Another aspect of caring for someone who is living with dementia is the possibility for unpredictable behaviors or knowing what non-verbal cue might mean. A professional caregiver is trained to expect this unlike a family member who may be relying on who their loved one was before they got sick. When adequately trained, a caregiver can understand that a person’s behaviors are their illness and not who that person is and therefore not take their actions personally or become stressed by them.

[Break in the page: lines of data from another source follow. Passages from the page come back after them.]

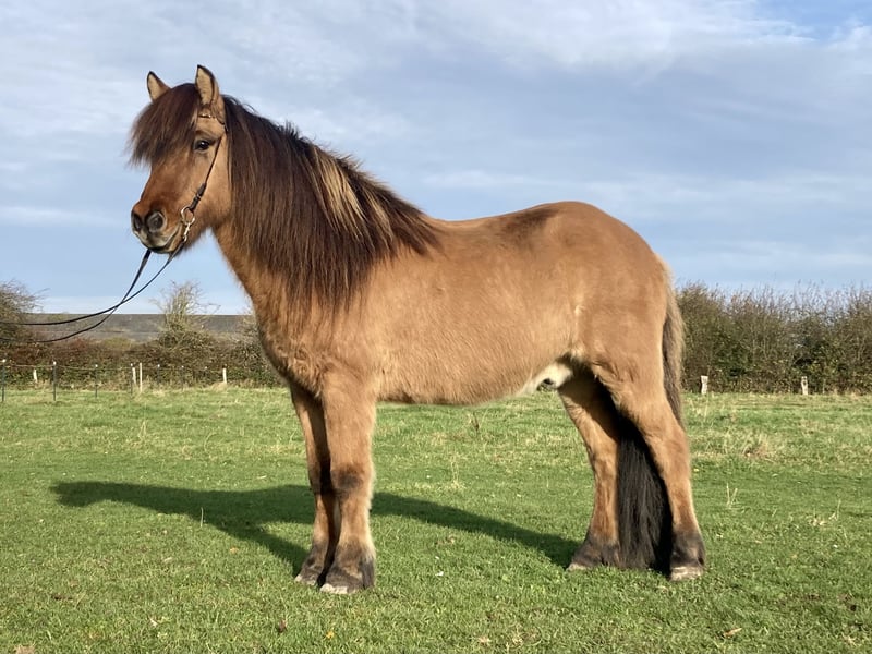 Vorboði ist ein sehr großer (Stm. ca. 143 cm) und dabei kräftig gebauter 15j. Wallach, der mit seinem dicken Behang und dem stabilen Gebäude so aussieht, wie man sich ein Islandpferd vorstellt. Er ist wirklich richtig knuffig! Vorboði ist ein Pferd für die ganze Familie: er lässt sich absolut brav reiten und möchte immer gefallen und alles richtig machen. Dabei spielt es keine Rolle, ob man ihn dressurmäßig auf der Bahn reitet oder mit ihm durchs Gelände streift. Das ist seine große Stärke, denn er ist dort absolut sicher und unerschrocken und lässt sich sowohl allein als auch in der Gruppe reiten. Er ist weer ängstlich noch schreckhaft. Da er aber eine gute Grundausbildung genossen hat, macht er auch bei der Platzarbeit viel Spaß und er ist ein leichtrittiges Pferd, das schön die Reiterhilfen annimmt. Vorboðis Naturtölt ist ein Traum, er töltet und töltet und töltet und lässt sich butterweich sitzen. Dabei kann er auch fast genauso weich traben. Sein Galopp ist etwas gelaufen, aber dennoch ordentlich im Viereck zu reiten und im Gelände natürlich sowieso. Sein Temperament ist sehr angenehm. Er geht immer vorwärts, wenn man es möchte, aber lässt sich jederzeit regulieren. Man muss ihn also weder viel treiben noch zurückhalten. Vorboði ist ein echtes Verlasspferd und ein Freund fürs Leben und die ganze Familie. Wegen seiner Rittigkeit wäre es für ihn jedoch schön, wenn der Reiter ein gewisses Maß an Gleichgewicht hätte und nicht grobmotorisch einwirkte, das würde diesem wundervollen Pferd weniger gerecht werden. Er ist kontinental gezogen und gesund und ekzemfrei. Eine aktuelle Aku inkl Röntgen liegt vor.
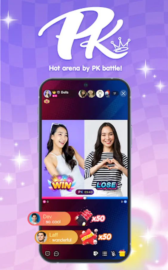 Enjoy chatting with your buddies and followers. Meet new friends and send them messages and gifts.
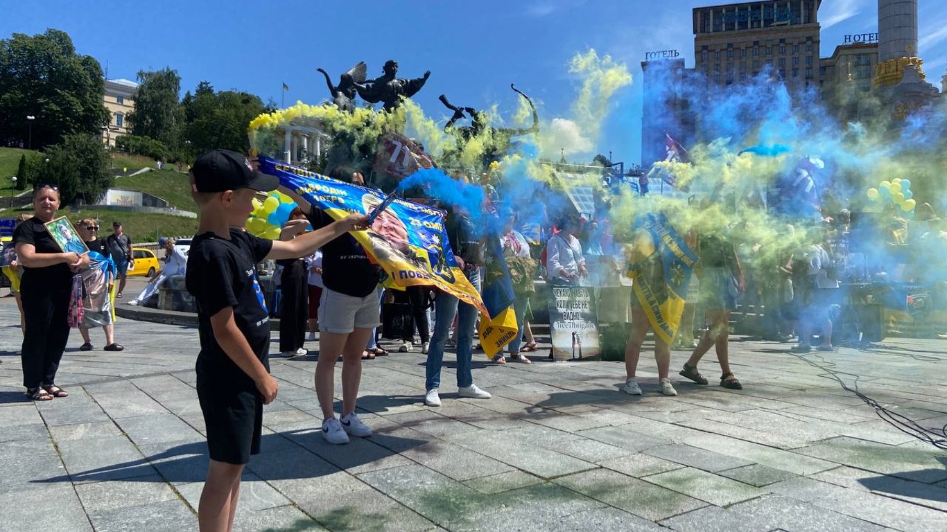 У суботу, 5 липня, в центрі Києва відбулася акція-нагадування "Я без тебе, як жовтий без синього. Поверніть Героїв додому". Її організували рідні бійців 71-ї окремої єгерської бригади.
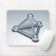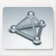 Un tabique con un CGI 3d representó imágenes de una estructura piramidal metálica reflectante de tres lados, de esferas entrelazadas.
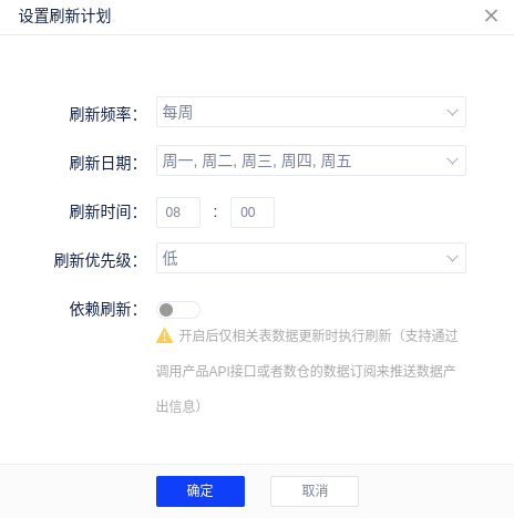 当同一时间点有很多的报告都需要执行刷新计划时,可能需要排队,最后刷新的执行时间会比设置的时间有一定的延后,对于比较重要的报告,可以将对应的刷新计划设置为高优先级,调度系统处理同时段的刷新计划时,将优先执行高优先级的刷新计划。
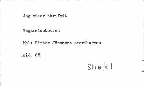 //// Jag visor skrifvit Bagarelo ekout en //// Mel: Petter Jönssons amerikaresa sid. 68 //// Strejk ! //// .i* ////
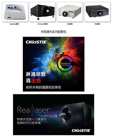 本次展會(huì)共有十余項(xiàng)展出項(xiàng)目,包含了科視多種激光光源技術(shù),從科視Captiva系列、HS系列、GS系列、Crimson系列到最新推出的D4K40-RGB投影機(jī);亮度覆蓋從4000流明到最高的40000流明,范圍十分廣泛;擁有多種分辨率,包括HD、WUXGA、WXGA、4K等;還包含了科視 BoldColor技術(shù)、RealBlack技術(shù)、Christie RealLaser技術(shù)。
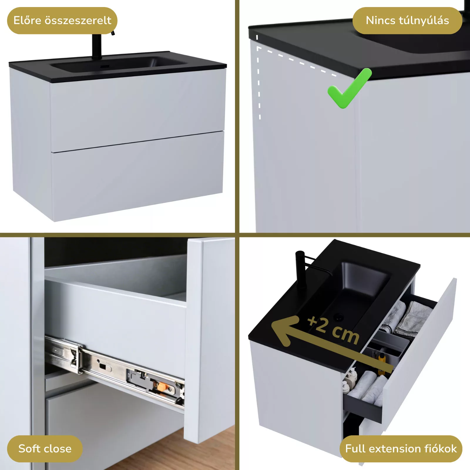 • füst szürke mosdószekrény, teljes kihúzhatóságú fiókokkal
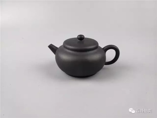 此壶以乌泥为胎,胎身呈乌黑色,壶身表面细腻,造型古朴,溜肩饱满,平盖平底。
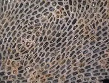 The ancestrula buds to produce another zooid which has a pair of long spines at the distal end and sometimes a further three to five pairs of thin spines at the sides. Further asexual reproduction takes place, with each zooid producing several buds until there is a small, roughly circular encrusting cluster of zooids, white or brownish-white in colour, with the ancestrula at the centre. On flat surfaces the colony is regular and lacy in appearance but on uneven surfaces, it is more irregular and may form lobes. Some colonies are also spherical. Each individual zooid bears a lophophore, the characteristic feeding apparatus of bryozoans, with fifteen or sixteen ciliated tentacles, used to filter phytoplankton. The operculum, a flap that hinges to form a lid over the aperture of the lophophore, has a membranous edge and is chitinised. It is thick and crescent-shaped when closed. The walls between the zooids are calcified on the proximal edge and membranous elsewhere.[2][3]
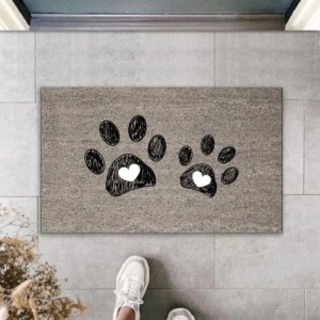 Dijital Baskı Gri Çift Kalpli Patili Dekoratif Kapı Paspası K-2031
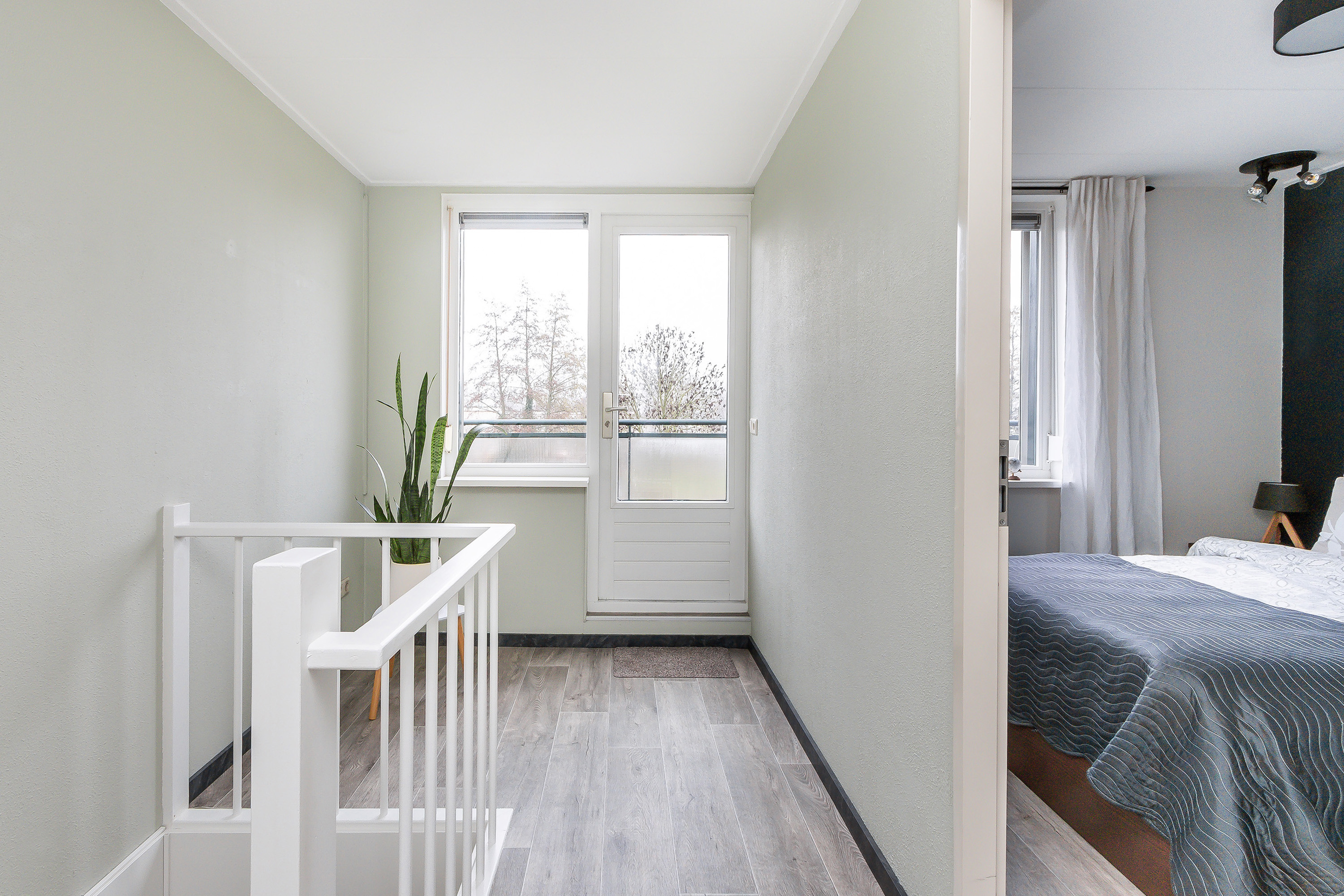 - Tweede verdieping: spachtelputz wandafwerking. Laminaat vloerafwerking.
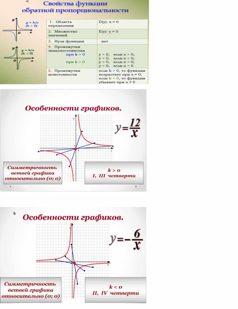 Предметные: развитие умения строить графики обратной пропорциональности;формирование умения исследовать обратную пропорциональность y=k/х
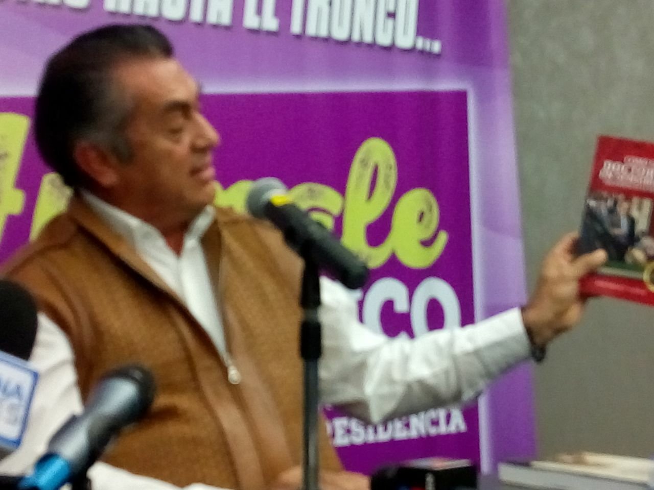 De visita en Guadalajara para presentar un texto en la Feria Internacional del Libro, (FIL), el Gobernador Nuevo León dijo a mediados de este mes solicitará licencia a su cargo, y se concentrará en la siguiente etapa de su trabajo político en las entidades de la Ciudad de México, Veracruz, Puebla, Guanajuato, que seguirán la misma estrategia que en Jalisco para completar las anuencias ciudadanas a su candidatura, «me voy a venir a vivir aquí una semana, aproximadamente, y voy a recorrer las calles las cafeterías, las cantinas, las iglesias, los bautizos, las bodas, las quinceañeras, e iré personalmente a buscar la posibilidad».
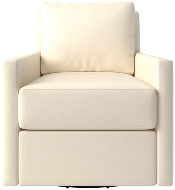 Tailored swivel chair is a modern update on a classic style. Slim track arms and tailored upholstery form a sleek silhouette, while a super-soft detached cushion invites lounging. Available in a variety of custom upholstery options, including fabric, leather and performance. CB2 exclusive.
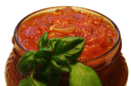 Die Kräuter fein hacken. Zwiebeln und Knoblauch ebenfalls fein hacken und in Öl glasig dünsten. Die Tomaten sowie die Gewürze und Kräuter zufügen und kräftig verrühren. Die Sauce aufkochen lassen und für 90-120 Minuten köcheln lassen. Dabei gelegentlich umrühren. Am Ende noch einmal richtig aufkochen und die heiße Sauce noch kochend randvoll in Gläser füllen, zudrehen und umgestürzt abkühlen lassen.
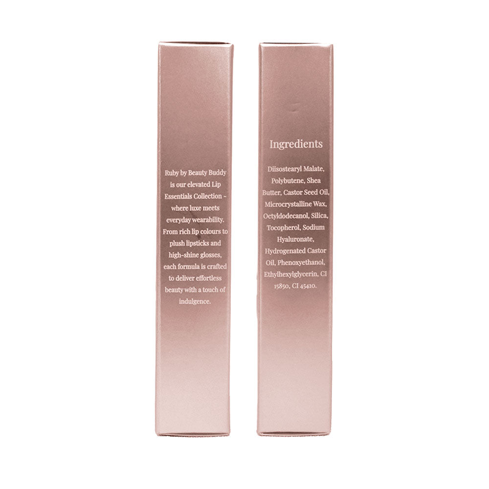 Ruby by Beauty Buddy is our elevated Lip Essentials range—where luxe meets everyday wearability. From rich lip colours to plush lipsticks and high-shine plumpers, each formula is crafted to deliver effortless beauty with a touch of indulgence.
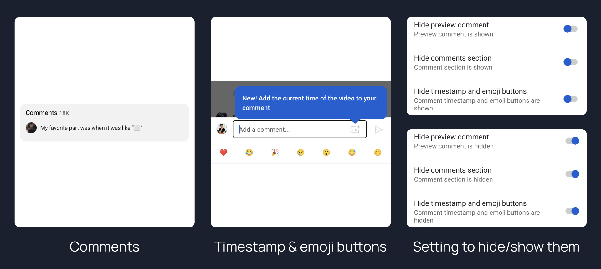 preview commentcomment sectionunder video player and to hidetimestamp and emoji buttonson comment section
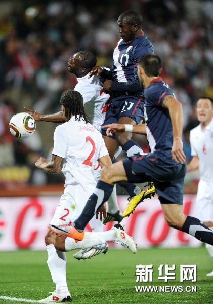 6月12日,英格蘭隊(duì)球員杰拉德(中)攻入一球后與隊(duì)友慶祝。當(dāng)日,在勒斯滕堡舉行的2010年南非世界杯C組比賽中,英格蘭隊(duì)以1比1戰(zhàn)平美國隊(duì)。新華社記者郭勇攝
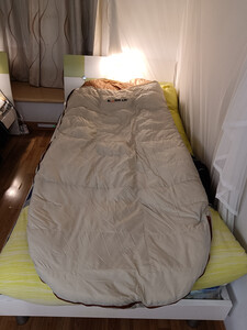 睡袋质感很好,轻。躺进去很舒服,需要加枕头。本人身高163,偏胖,躺进去肩膀宽度刚好,两个手搭在肚子上,肘部两边宽度也刚好,没有束缚感,但也没有太多富余空间,两脚打开与肩同宽刚好撑到最宽,舒适度刚好,但想再打开一些就不行了。翻身比较宽松,也可以屈腿睡。如果175身高以上的,可能还是会觉得窄一点,有束缚感,建议买120或更宽的睡袋。保暖度方面,南方冬天10度左右,但我觉得要买-15度以下保暖的才真正够暖。最后就是收纳,打开后睡袋胀开了,再收回去就要排空气,是个体力活。总体不错,适合室内用,不适合野外。
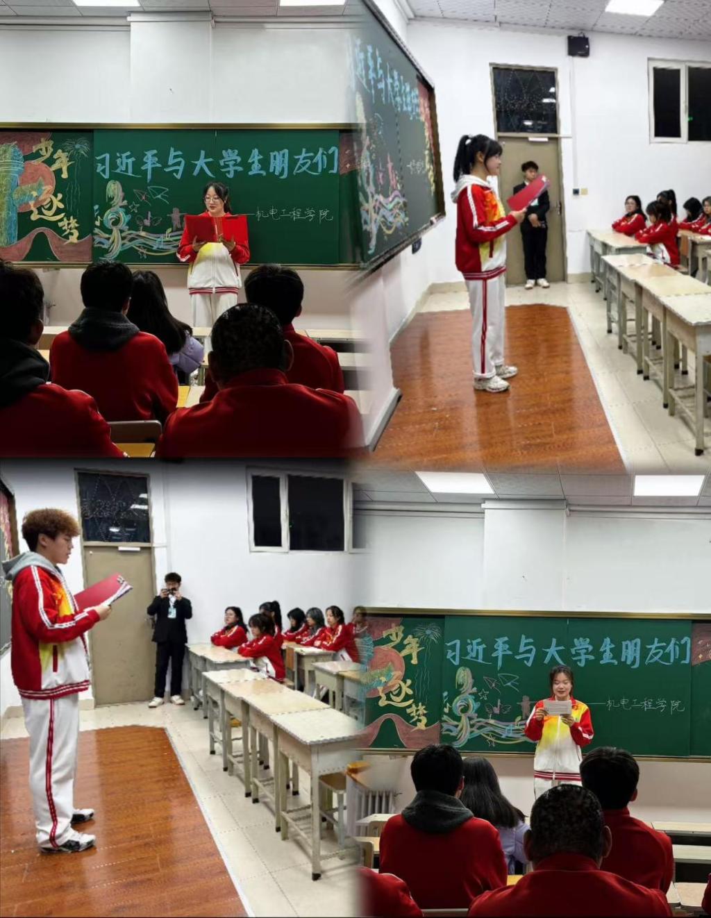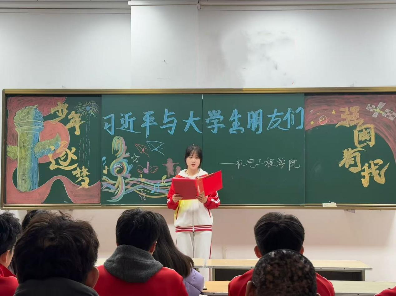 读学:同学们通过学习和领悟习近平总书记与老员工交流时的金句和教诲,深刻感受到国家对青年一代寄予的厚望和重托,激励同学们成为有本领、有理想的新时代好青年。
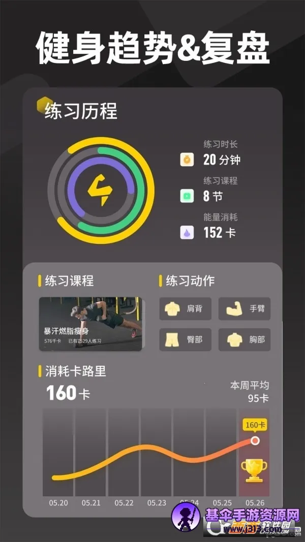 4. 数据见证:跟踪健身数据,复盘健身趋势,让健身成果可视化,增强健身动力,助力养成健身习惯,见证身体变化。
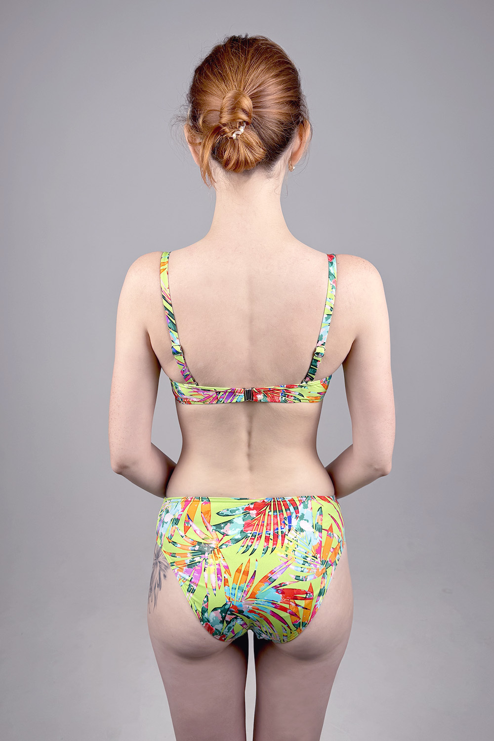 Раздельный купальник Liv желто-зеленого цвета с ярким цветочным принтом. Чашка push-up на косточках. Бретели отстегиваются и регулируются по длине, металлическая застежка на спине не регулируется. Плавки средней посадки.

The AARP/NAC study also found that 38% of family caregivers reported experiencing “high emotional stress” as a result of the care they are providing. A possible cause of stress for caregivers is the unrelenting need for their attention and energy, which means that they can become stressed and depleted and in need of care for themselves. A professional caregiver is working a shift, even if they come each day, and therefore gets a break from providing care. Respite care can make family caregiving work in shifts too—whether it’s because another family member or friend takes a turn or a professional caregiver is hired to step in for a few hours at a time.
The right tools—training, respite care, etc.--can mean the difference between a sustainable and meaningful caregiving experience and an ongoing period of stress. Training is available to family caregivers as well as professional caregivers, and can be one tool in making caregiving more manageable. The Alzheimer’s Association has training for family caregivers and so do some home care companies.
When a caregiver can remain calm and happy and engaged, so too can the person who is being care for and this decreases the chance of stress flaring up.